Starting at the first line and ending at the one with "Bellissimo vestito da", give the lines of the listing again exactly, and nothing else; skip the pictures.
*** Opening of Data ***
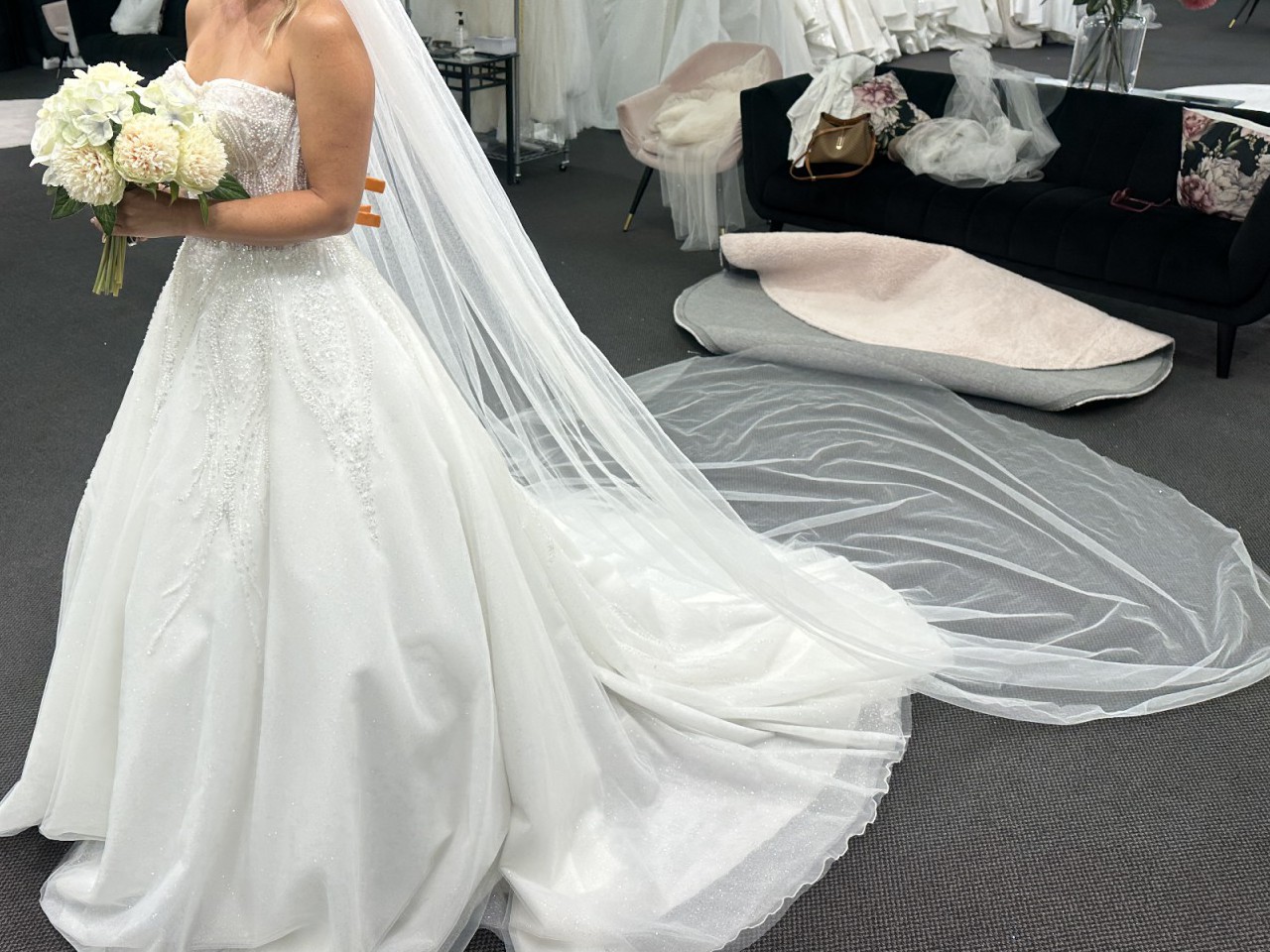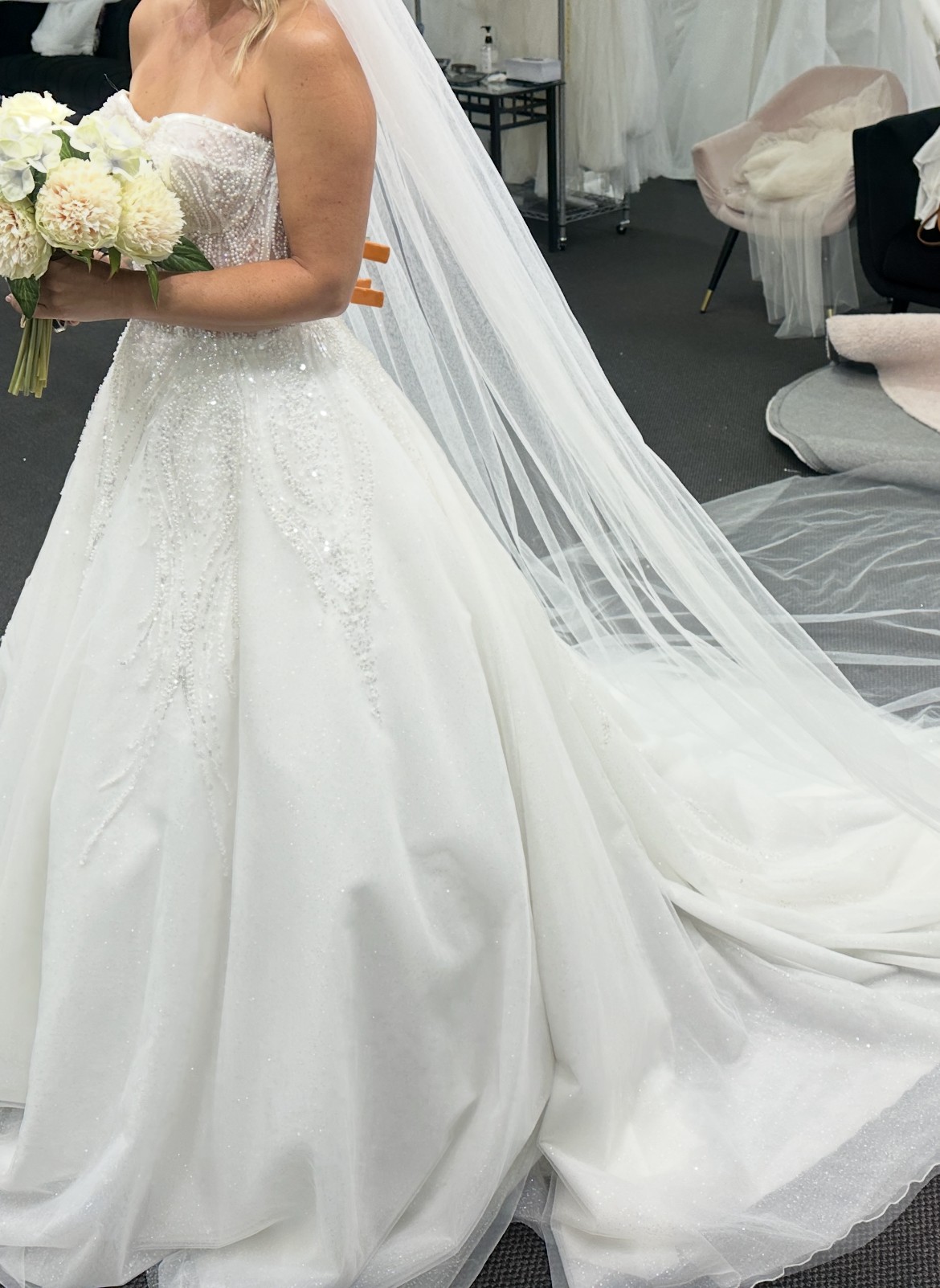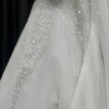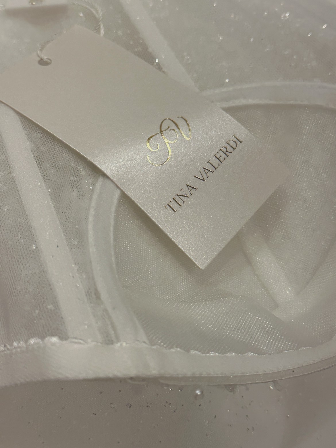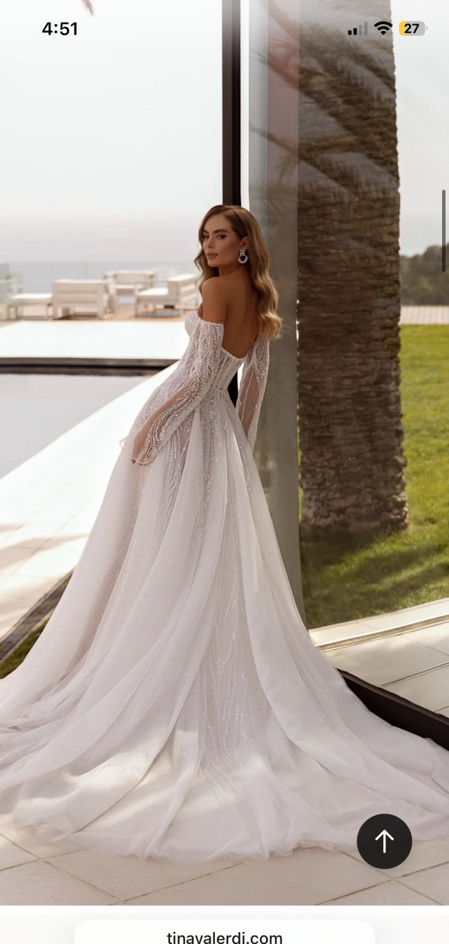 This Maggie Ivory wedding dress by the renowned designer Tina Valerdi is a breathtaking representation of elegance and romance. Crafted from delicate tulle.
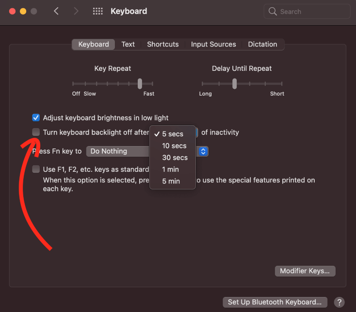 Vink het vakje aanstel het toetsenbord van uw MacBook Pro in om na 5 seconden uit te schakelen. Dit is de kortst toegestane instelling en zorgt ervoor dat de batterij van uw toetsenbord niet snel leegraakt.
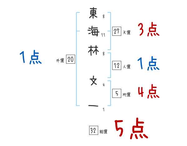 総運![]() | 東海林文一さんの総運は32画の5つ星!柔軟性があり成功する。チャンスが多く金運が良い。 あなたの人生を表す1番重要な運勢です。生涯を通じて影響する総合運となり、主に50歳以降の晩年期に影響を及ぼします。 |
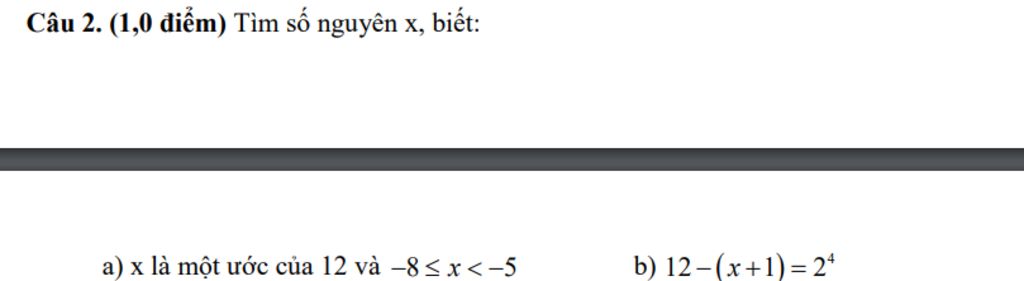Câu 2. (1,0 điểm) Tìm số nguyên x, biết:
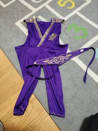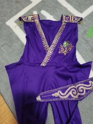 Bellissimo vestito da carnevale viola, perfetto per feste e travestimenti. - Tessuto lucido e colorato. - Dettagli ricamati sul colletto e sulla cintura. - Maniche corte con frange decorative. - Pantaloni lunghi con bordi decorati.
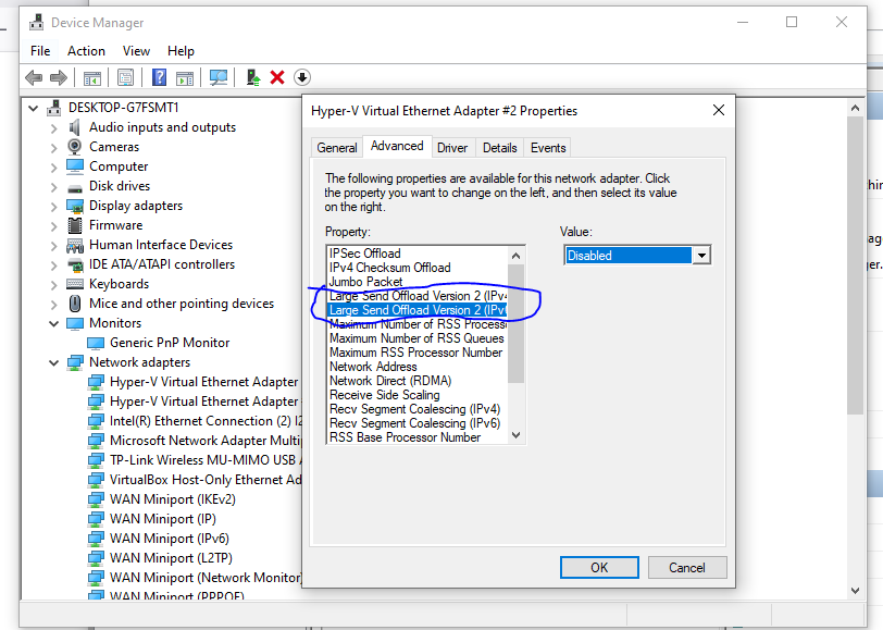 - Press Advanced and then there should be two options called "Large send Offload". Disable them both and press ok. This prevents performance issues when accessing the VM and having it enabled will cause more issues down the line. Congratulations, We are finally done. I know it was me rambling half the time but now lets go to section 3.3
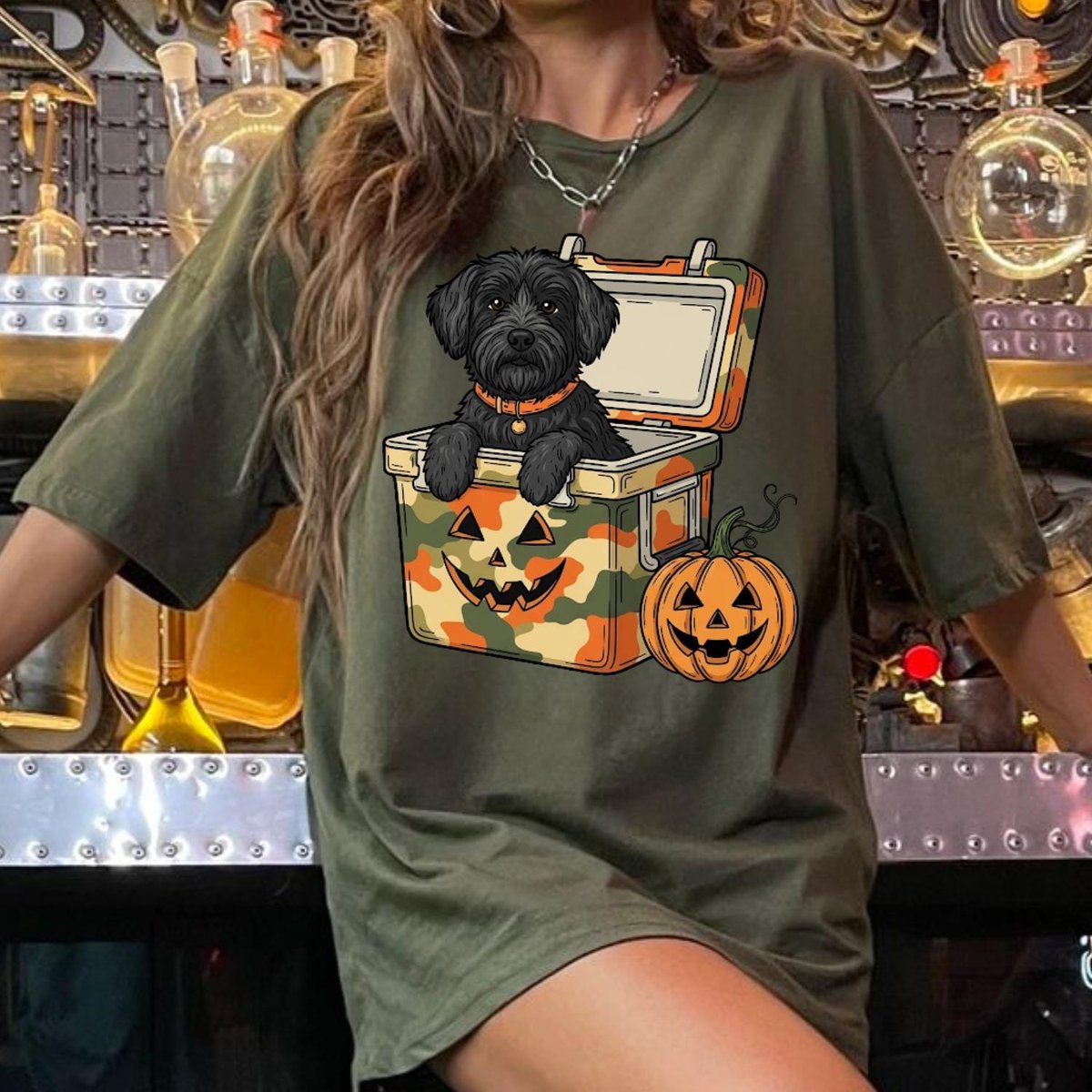 Black Dog in Camo Cooler PNG Halloween Puppy Clipart Digital Download with Jack O Lantern Sublimatio 434
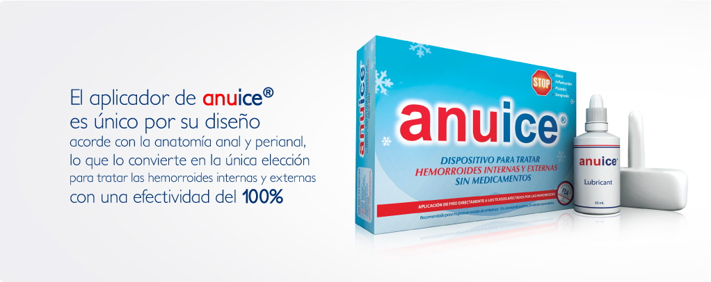 El diseño anatómico del aplicador de anuice® permite que se ajuste a las diferentes formas del área afectada; así, el dispositivo puede ser usado en el tratamiento para hemorroides internas como de hemorroides externas.
*** Close of Data ***
_Exercise solution_
 This Maggie Ivory wedding dress by the renowned designer Tina Valerdi is a breathtaking representation of elegance and romance. Crafted from delicate tulle.
 Vink het vakje aanstel het toetsenbord van uw MacBook Pro in om na 5 seconden uit te schakelen. Dit is de kortst toegestane instelling en zorgt ervoor dat de batterij van uw toetsenbord niet snel leegraakt.
 総運![]() | 東海林文一さんの総運は32画の5つ星!柔軟性があり成功する。チャンスが多く金運が良い。 あなたの人生を表す1番重要な運勢です。生涯を通じて影響する総合運となり、主に50歳以降の晩年期に影響を及ぼします。 |
Câu 2. (1,0 điểm) Tìm số nguyên x, biết:
 Bellissimo vestito da carnevale viola, perfetto per feste e travestimenti. - Tessuto lucido e colorato. - Dettagli ricamati sul colletto e sulla cintura. - Maniche corte con frange decorative. - Pantaloni lunghi con bordi decorati.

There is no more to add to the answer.